THE Carnegie Trustees have already shown a desire to aid the work of the School Board in certain directions, but their help has hitherto taken for the most part a somewhat stereotyped form, such as the provision of bursaries, a summer gala-day, etc. The study of the schools, however, suggests many interesting questions, and undoubtedly a great opportunity exists at Dunfermline for attempting in connection with them such pioneer work as would have much more than a local influence. It is this work, which could so well be undertaken by the trustees in conjunction with the School Board, that the writer now proposes mainly to consider, rather than questions relating to the everyday routine of the schools, for the teachers loyally do their duty, and a good standard in the ordinary subjects of the curriculum is well maintained.
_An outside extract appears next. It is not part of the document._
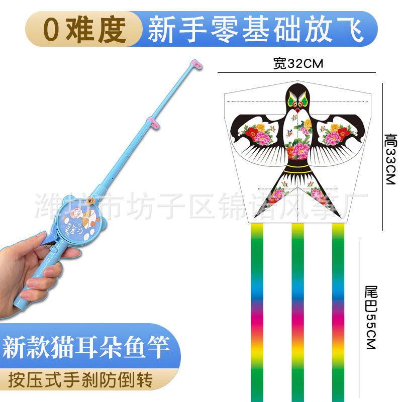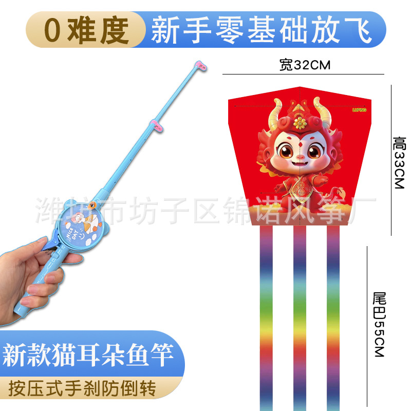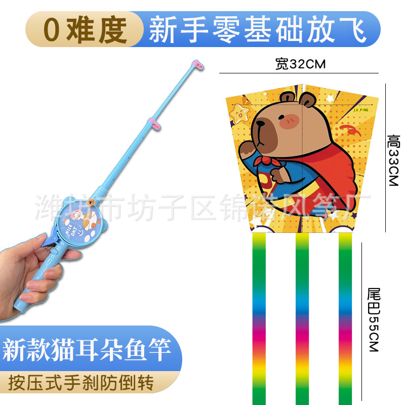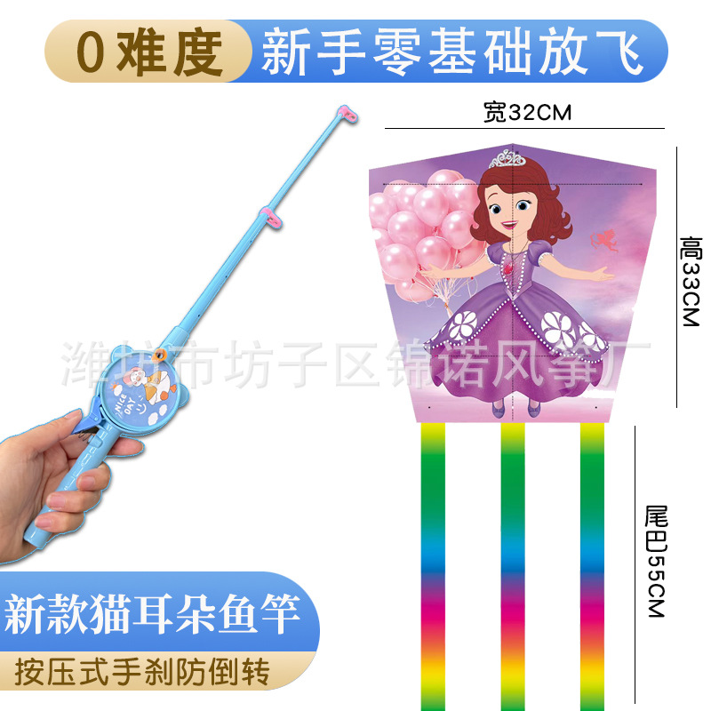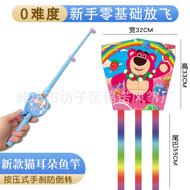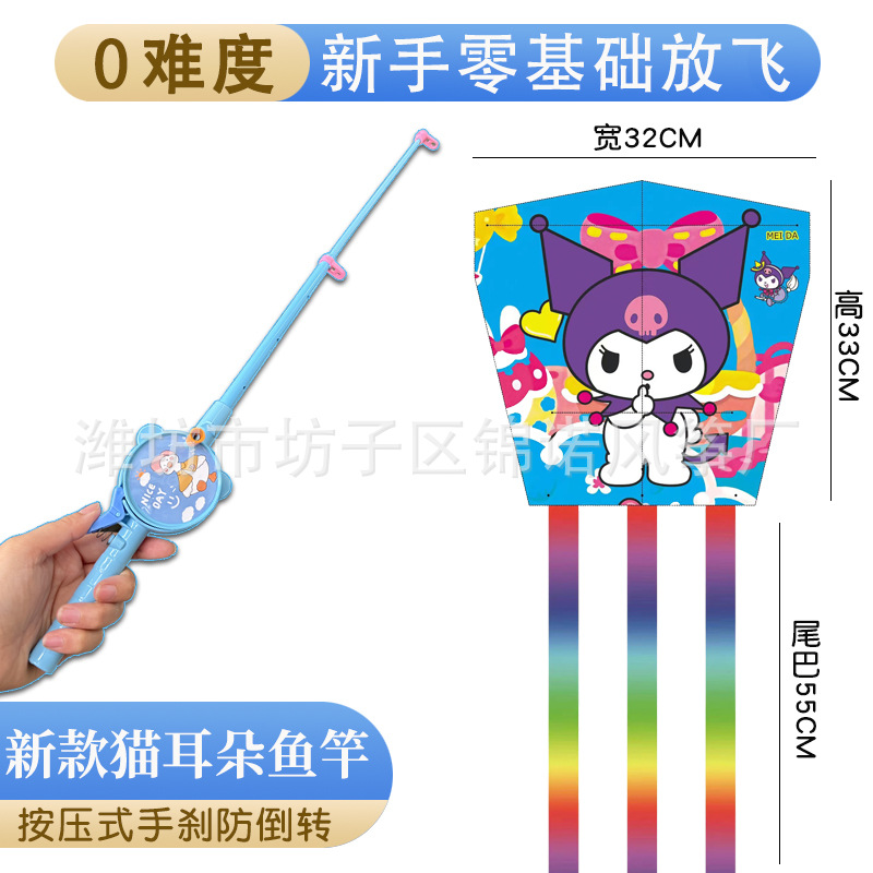 儿童伸缩鱼竿风筝手持塑料卡通风筝亲子户外校园春游玩具带线批发
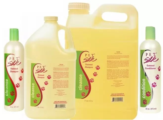 Pet Silk Oatmeal Dog Shampoo and Conditioner soothes irritated skin, holds moisture and helps repair damaged skin and coat.

The writer does not propose to attempt in any way to outline a complete educational system, but only to touch upon existing defects, or upon points which appear to give opportunity for immediate and healthful action. The first fact that impresses an inquirer into the educational system of Dunfermline is that it deals only with the school work of the children. There is no attempt to superintend or to influence their lives outside the school buildings. The late Royal Commission, which inquired into the question of physical training for Scotland, made the admirable suggestion (amongst others) that there should be a Games' Committee attached to every Scottish School Board, and this suggestion is particularly applicable to Dunfermline, for no attempt is made by the Board to promote or encourage games, and to take advantage of this method of advancing the moral and bodily welfare of the children. Neither the High School nor any of the elementary schools of the town have any playing fields or playgrounds of any kind beyond the inadequate margin of ground around the respective buildings. The provision, therefore, of suitable fields for cricket, football, and other sports and games, appears to be the first step to be taken in the interests of the children. The ideal plan would, of course, be for each school to stand in its own playing grounds, and such a plan could well be followed when building new schools; but as that is no longer possible in the case of the existing schools, one or more pieces of ground in easily accessible positions should be provided without delay. No games are permitted in Pittencrieff Park, and the slope and general condition of the ground in the old public park make games like football and cricket an impossibility.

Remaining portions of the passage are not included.